**DATA FOR PROCESSING**
--

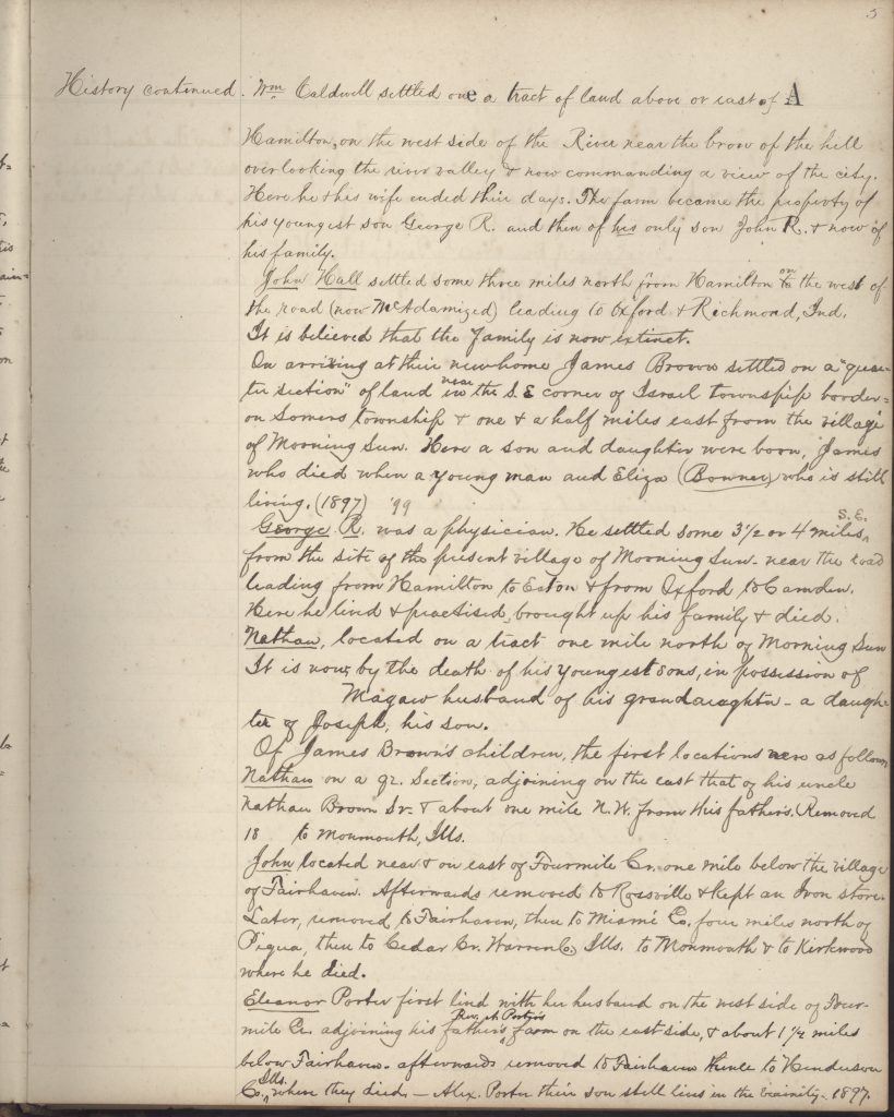 The adjoining county on the north(Preble) was then being settled and Hopewell Cong. Assoc. Reformed in Israel Township one of the southern tier of townships bordering on Butler County, had been, or was about to be organized. Land was cheap & although it was not fertile as in some other parts of the country, it was healthy, &, more than all, there was a prospect of their enjoying the ordinances of religion ^such as they had been accustomed to – & thither they directed their steps. I speak now particularly of the Browns. They removed Dec. 18, 1807.
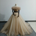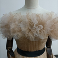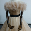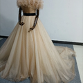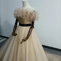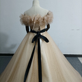 実例写真!シャンパン色 カラードレス オフショルダー キラキラチュール サッシュベルト 披露宴
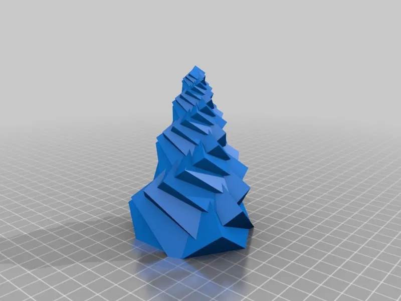 Kiệt tác này được tạo ra bằng cách ghép lại một loạt các khối lập phương đang xoay, giảm dần kích thước và di chuyển lên trên. Tất cả các thông số này đều có thể tùy chỉnh được. Phần đáy được cắt bớt để tạo thành một đế phẳng. Thiết kế này in tốt ở chế độ thường và chế độ lọ hoa (vase mode). Các mô hình in ở chế độ lọ hoa có thể được thắp sáng bằng đèn trà LED sau khi khoan một lỗ ở đáy. #### Xem các mô hình Giáng sinh khác của tôi. #### Các thiết kế xoắn ốc (chế độ lọ hoa) khác mà tôi đã thực hiện.
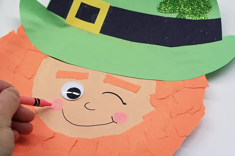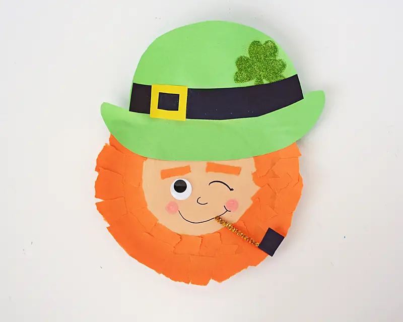 In the end, draw the face of the leprechaun using a marker. You can also use a pair of googly eyes to paste in the place of the eyes, and your paper plate leprechaun will be ready.
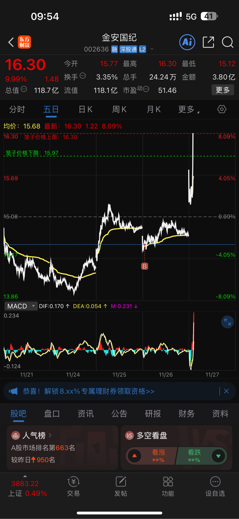 $金安国纪(SZ002636)$ 昨天低位买入的
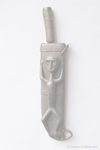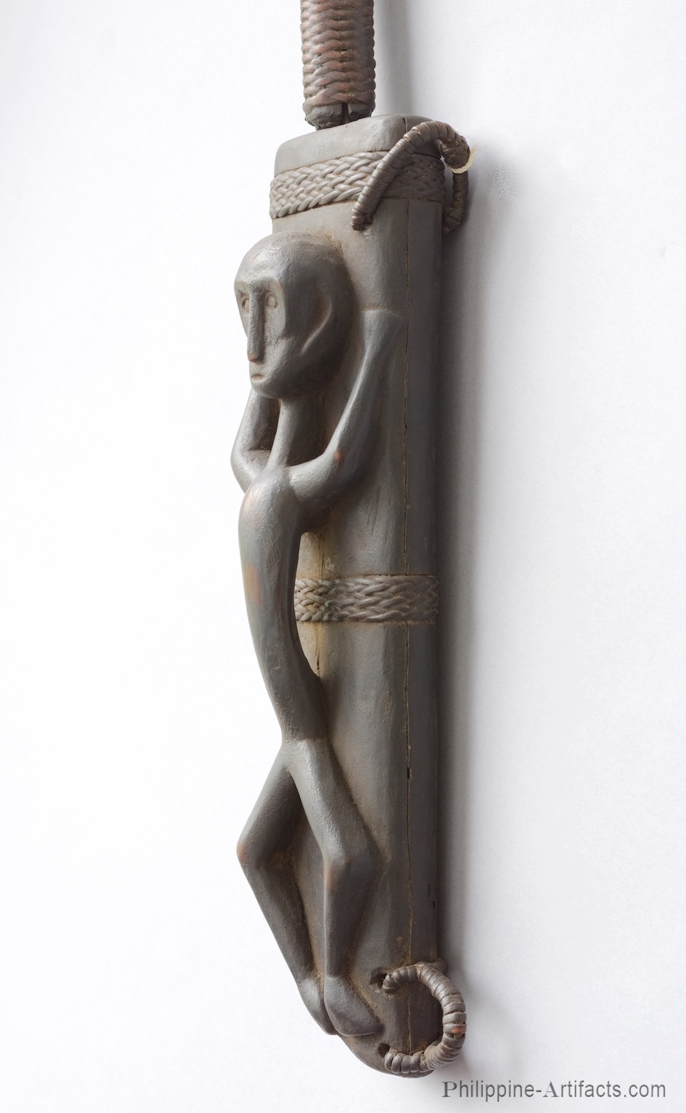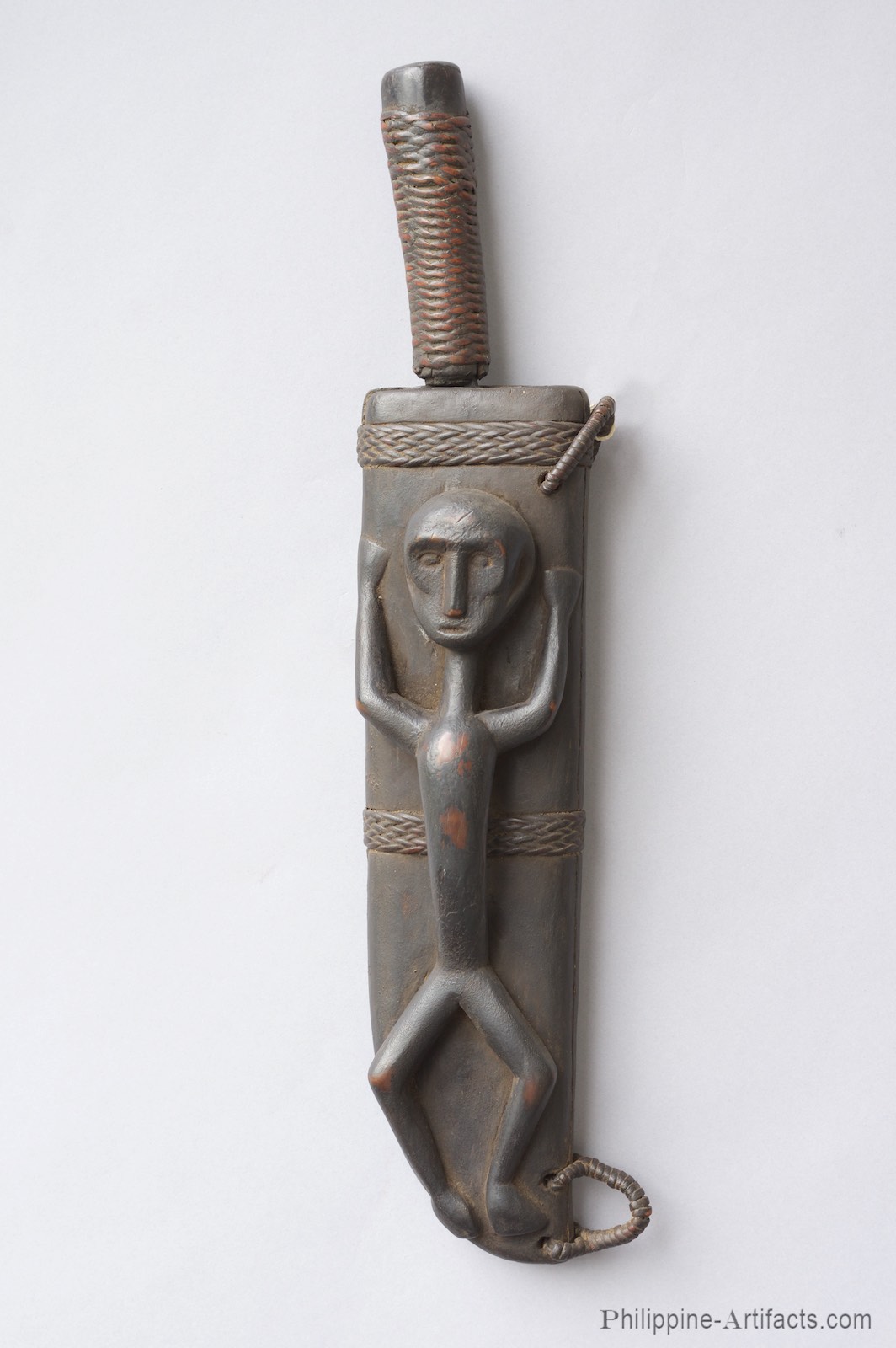 106 Ifugao knife or "bolo" with fine carved wood scabbard, 37 cm long, showing a figure of an arched man with outstretched arms carved in deep relief.
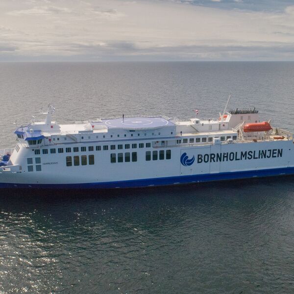 Sassnitz-Mukran, September 07 , 2018 - The danish shipping company Molslinjen took over the only direct ferry connection between Mukran and Roenne on 01 September 2018. This was the first change of operator on the route after 150 years. The shipping company Molslinjen offers the connection under the name Bornholmslinjen. The traditional area of passenger shipping in Mukran is to regain importance in the future and boost tourism on both islands. To illustrate these goals, the shipping company had a new ship built especially for this route. The 158 meter long "Hammershus" offers space for 720 passengers and thus twice as many as was possible with the old operator, the passenger car capacity also increases. "In recent years, we have proven that tourism and an industrial and business location are not mutually exclusive. Thanks to our favourable geographical location and the existing infrastructure, large passenger ships can also call at the port in addition to huge installation vessels for the construction of wind turbines," emphasised Thomas Langlotz, Commercial Director of Mukran Port. In addition to year-round ferry traffic, 5 times a week in summer and 3 times a week in winter, ticket prices also fall significantly.
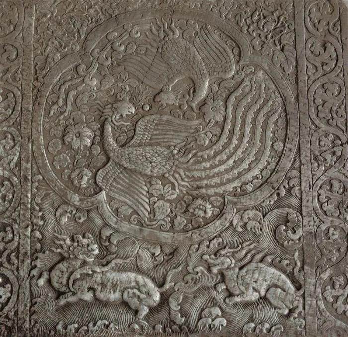 ▲元代双凤麒麟纹石雕,下方的凤头上有像灵芝一样的冠、缕束状的颈羽,以及五条浪草纹尾羽,上方的凤是卷草纹尾羽,呈现雄、雌双凤戏珠的样貌。现藏于中国国家博物馆。(图片来源:国家博物馆强国号)
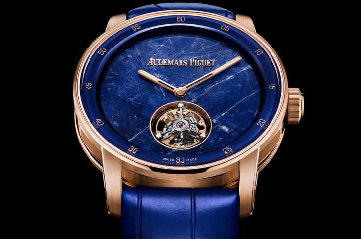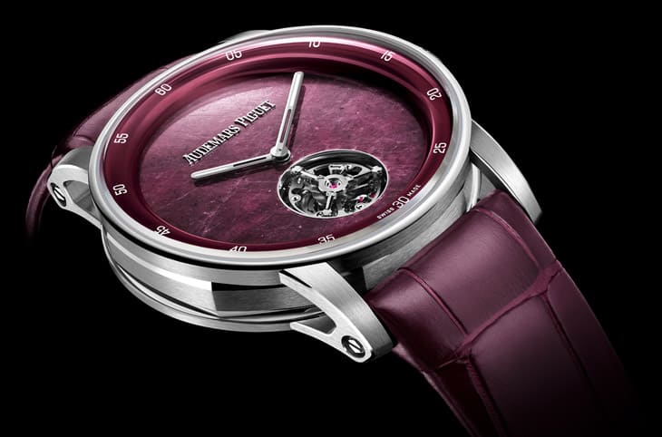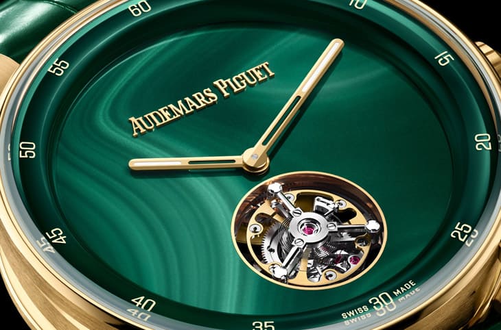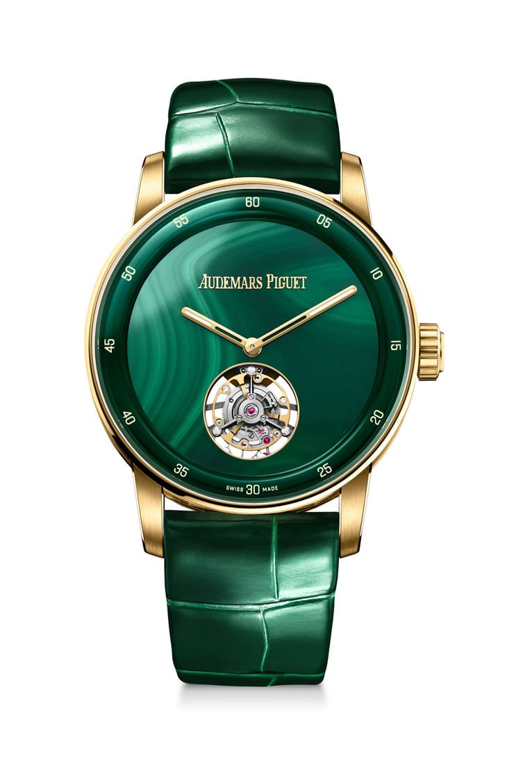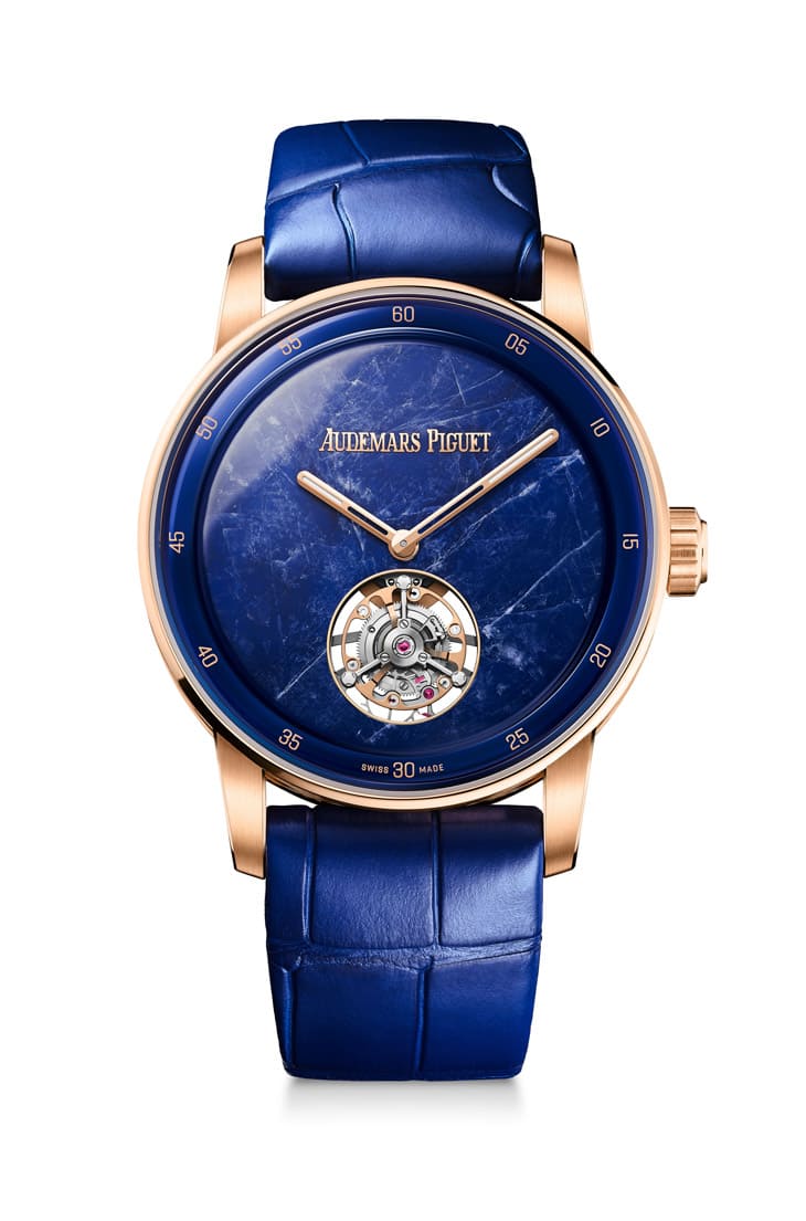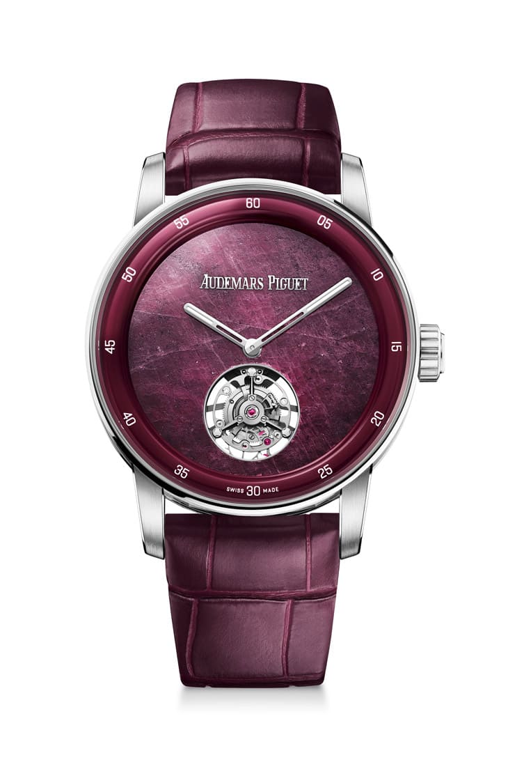 ▲爱彼将飞行陀飞轮与天然宝石面盘结合,体现微型化制表技术巔峰。每只时计皆具独特情感价值,展现个人风格与品牌精湛工艺,用以庆祝创立150周年里程碑。

--

Give back the data exactly, with no images.

 The adjoining county on the north(Preble) was then being settled and Hopewell Cong. Assoc. Reformed in Israel Township one of the southern tier of townships bordering on Butler County, had been, or was about to be organized. Land was cheap & although it was not fertile as in some other parts of the country, it was healthy, &, more than all, there was a prospect of their enjoying the ordinances of religion ^such as they had been accustomed to – & thither they directed their steps. I speak now particularly of the Browns. They removed Dec. 18, 1807.
 実例写真!シャンパン色 カラードレス オフショルダー キラキラチュール サッシュベルト 披露宴
 Kiệt tác này được tạo ra bằng cách ghép lại một loạt các khối lập phương đang xoay, giảm dần kích thước và di chuyển lên trên. Tất cả các thông số này đều có thể tùy chỉnh được. Phần đáy được cắt bớt để tạo thành một đế phẳng. Thiết kế này in tốt ở chế độ thường và chế độ lọ hoa (vase mode). Các mô hình in ở chế độ lọ hoa có thể được thắp sáng bằng đèn trà LED sau khi khoan một lỗ ở đáy. #### Xem các mô hình Giáng sinh khác của tôi. #### Các thiết kế xoắn ốc (chế độ lọ hoa) khác mà tôi đã thực hiện.
 In the end, draw the face of the leprechaun using a marker. You can also use a pair of googly eyes to paste in the place of the eyes, and your paper plate leprechaun will be ready.
 $金安国纪(SZ002636)$ 昨天低位买入的
 106 Ifugao knife or "bolo" with fine carved wood scabbard, 37 cm long, showing a figure of an arched man with outstretched arms carved in deep relief.
 Sassnitz-Mukran, September 07 , 2018 - The danish shipping company Molslinjen took over the only direct ferry connection between Mukran and Roenne on 01 September 2018. This was the first change of operator on the route after 150 years. The shipping company Molslinjen offers the connection under the name Bornholmslinjen. The traditional area of passenger shipping in Mukran is to regain importance in the future and boost tourism on both islands. To illustrate these goals, the shipping company had a new ship built especially for this route. The 158 meter long "Hammershus" offers space for 720 passengers and thus twice as many as was possible with the old operator, the passenger car capacity also increases. "In recent years, we have proven that tourism and an industrial and business location are not mutually exclusive. Thanks to our favourable geographical location and the existing infrastructure, large passenger ships can also call at the port in addition to huge installation vessels for the construction of wind turbines," emphasised Thomas Langlotz, Commercial Director of Mukran Port. In addition to year-round ferry traffic, 5 times a week in summer and 3 times a week in winter, ticket prices also fall significantly.
 ▲元代双凤麒麟纹石雕,下方的凤头上有像灵芝一样的冠、缕束状的颈羽,以及五条浪草纹尾羽,上方的凤是卷草纹尾羽,呈现雄、雌双凤戏珠的样貌。现藏于中国国家博物馆。(图片来源:国家博物馆强国号)
 ▲爱彼将飞行陀飞轮与天然宝石面盘结合,体现微型化制表技术巔峰。每只时计皆具独特情感价值,展现个人风格与品牌精湛工艺,用以庆祝创立150周年里程碑。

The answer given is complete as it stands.